Myxoid material is usually insufficient and presents only around the individual burrows.
CNTs do not stain S100, collagen type IV, or nerve growth factor receptor, but reactivity with NK1C3 (CD57) and the panmonocyte marker Ki-M1p is positive.[3]
The CNT is a benign tumor because of hypercellularity, the presence of nuclear atypia, and its extension into fat or skeletal muscle, CNT may be mistaken for a malignant tumor, such as sarcoma. These atypical forms of CNT have not shown aggressive behavior.[5] Atypical NT has been described as resembling either benign or malignant melanocytic growths such as malignant melanoma, Spitz nevus, and cellular blue nevus, but melanoma is S100-positive, and CNTs do not stain with antibody to S100 protein.

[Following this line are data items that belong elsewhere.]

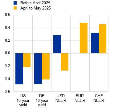 Empirical evidence confirms that the co-movement of safe-haven financial market variables was atypical in April. The typical positive correlation between US Treasury yields and the US dollar exchange rate, which had been especially strong for much of 2024, turned negative for a period after 2 April (Chart A.3, panel b). The correlation between a “safe-haven factor”, based on a principal component analysis of a range of safe-haven assets, and the US dollar and US Treasuries, further illustrates the different nature of the recent risk-off episode (Chart A.4, panel a).[8] The blue bars show the typical co-movement and the yellow bars show the co-movement in the period from April to May 2025. Typically, US Treasury yields co-move negatively with the safe-haven factor. Since 2 April, however, US yields have exhibited less negative co-movement with the safe-haven factor. Similarly, the US dollar typically appreciates following a deterioration in global risk sentiment, but this type of co-movement switched signs in April 2025.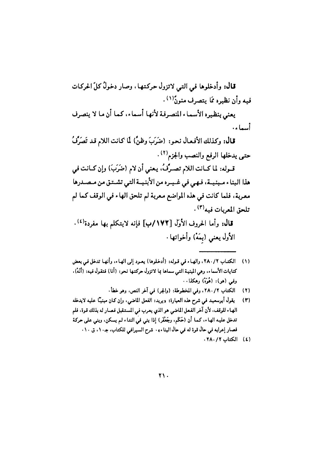 قوله: لما كانت اللام تصرَّفُ، يعني أن لام (ضَرَبَ) وإن كانت في هذا البناء مبنية، فهي في غيره من الأبنية التي تشتق من مصدرها معربة، فلما كانت في هذه المواضيع معربة لم تلحق الهاء في الوقف كما لم تلحق المعربات فيه.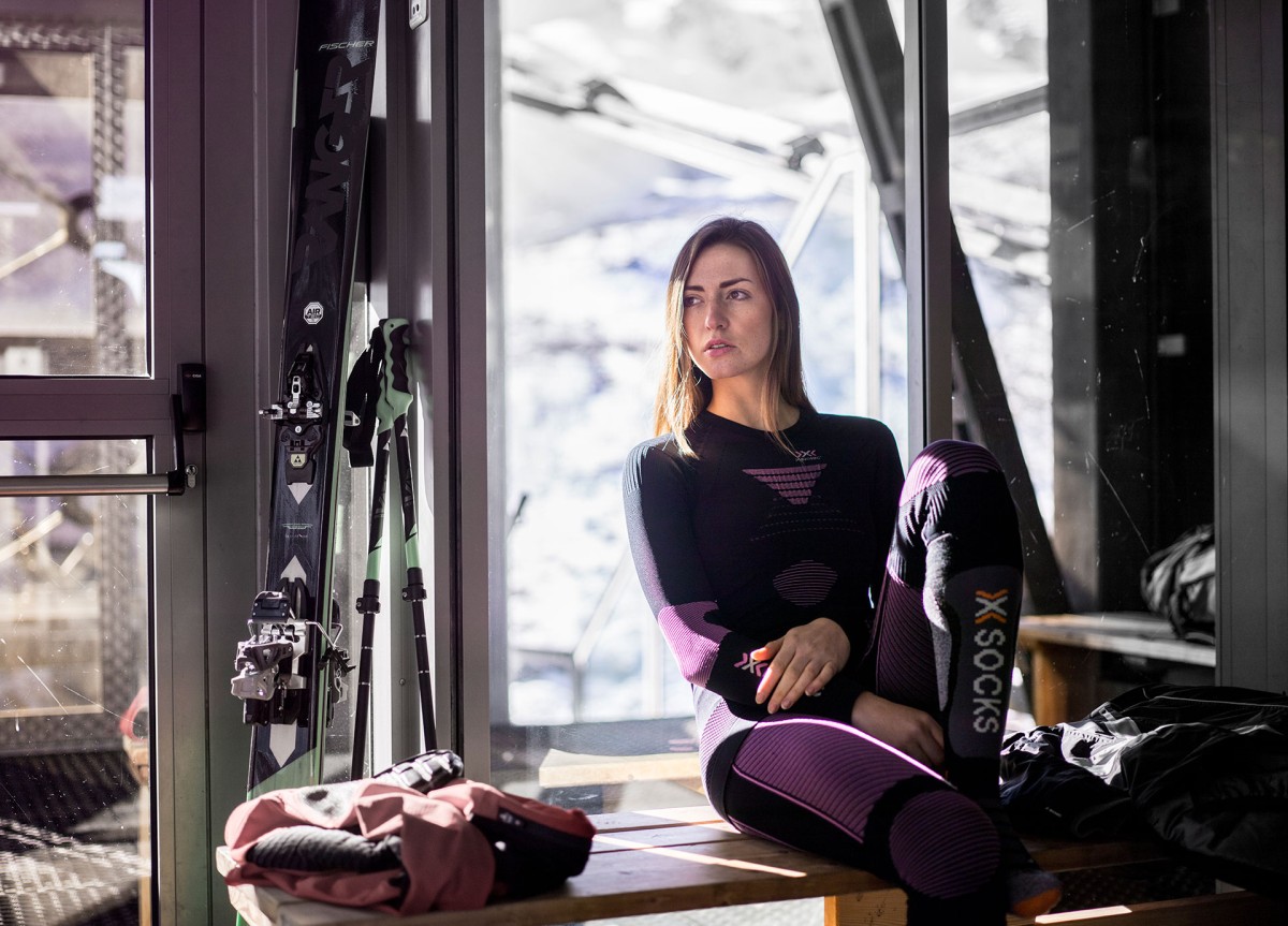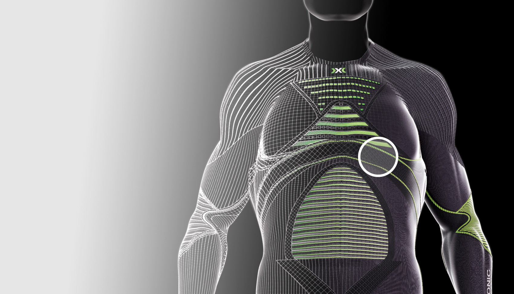 用到这种控温技术的典型场景之一就是:滑雪。滑下山坡时人体会发汗降温,而在山下等待电梯、缆车上山时,则需要衣物保暖。我们 X-Bionic®品牌发明的 Energy Accumulator® 聚能加强系列能很好避免与降低上述状况。

Mixed-type NT shows the properties of both types.[6] The immunohistochemical features of these cases are confusing because of an irregular or lack of reactivity to S100 and SMA.[5]
A recent article by Rudolph and Schubert[3] underlines the importance of using immunophenotyping rather than light microscopy features alone to classify an NT in the proper category.
Total excision is almost invariably curative, but the tumor showed recurrence in some cases. This recurrence was thought to be secondary to incomplete excision of the primary tumor.[1]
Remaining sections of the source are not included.